ASP.NET MVC with Razor, Nuget, and the JUnit/NUnit-like test framework in
Visual Studio are all in that line of thought. For something Active Record-
like, historically more mature--and somewhat less ponderous--alternatives to
EF and LINQ2SQL include NHibernate (FluentNHibernate is nice) and other
approaches like Simple.Data, PetaPoco, etc.

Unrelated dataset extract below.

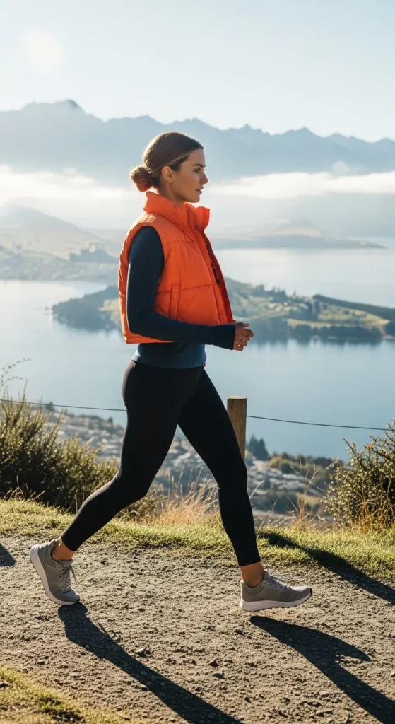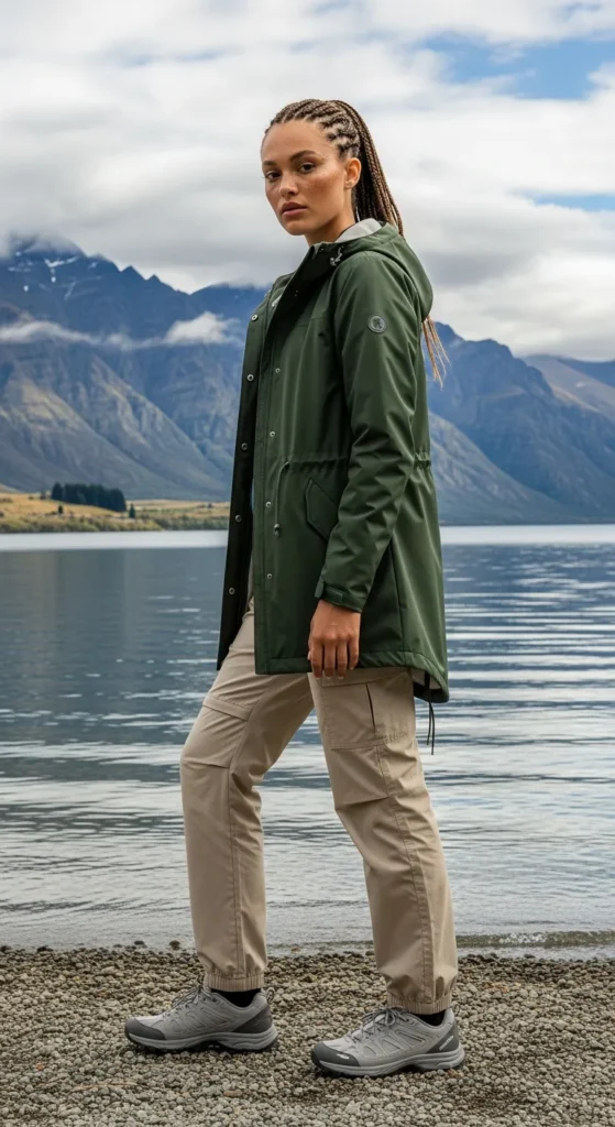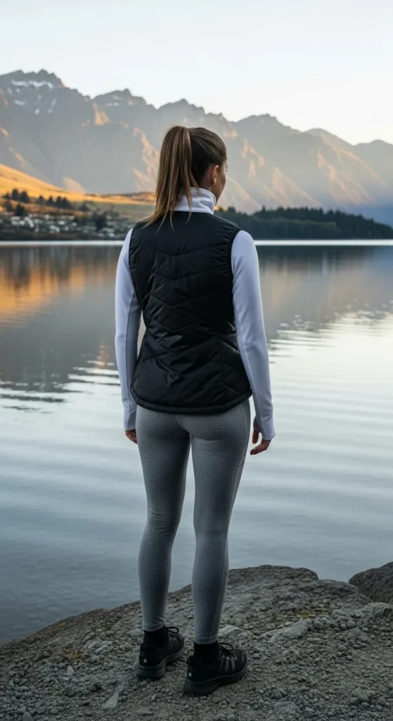 A navy softshell jacket combined with slim-fit hiking pants allows flexibility and wind protection. Ideal for cliffside hikes or bike tours through Queenstown’s hills.

Oh yeah, migrations have been notably absent, although I've tried a few like
FluentMigrations, which is nice but "out of process" enough that I find it
terribly easy to neglect.

------
MartinCron
This looks very promising. I've created my own lightweight system for
automatic schema alterations and I can't imagine going back to working without
it.

This could pretty much be a drop-in replacement for what I've done. Nice.

------
vyrotek
Looking better every day.

I do have a question though. I'm a .Net guy who has only worked with self
hosted systems and Azure and I've always wondered how the latency affects
people who build serious system using the add-ons provided. I just can't
imagine it performing well without knowing where exactly your
RabbitMQ(CloudAMQP), MongoDB(MongoHQ), and Memcache type services are hosted.
They could be sitting in the next rack to you or in a completely different
part of the country (in theory).

------
annymsMthd
We use FluentMigrator and it works amazingly.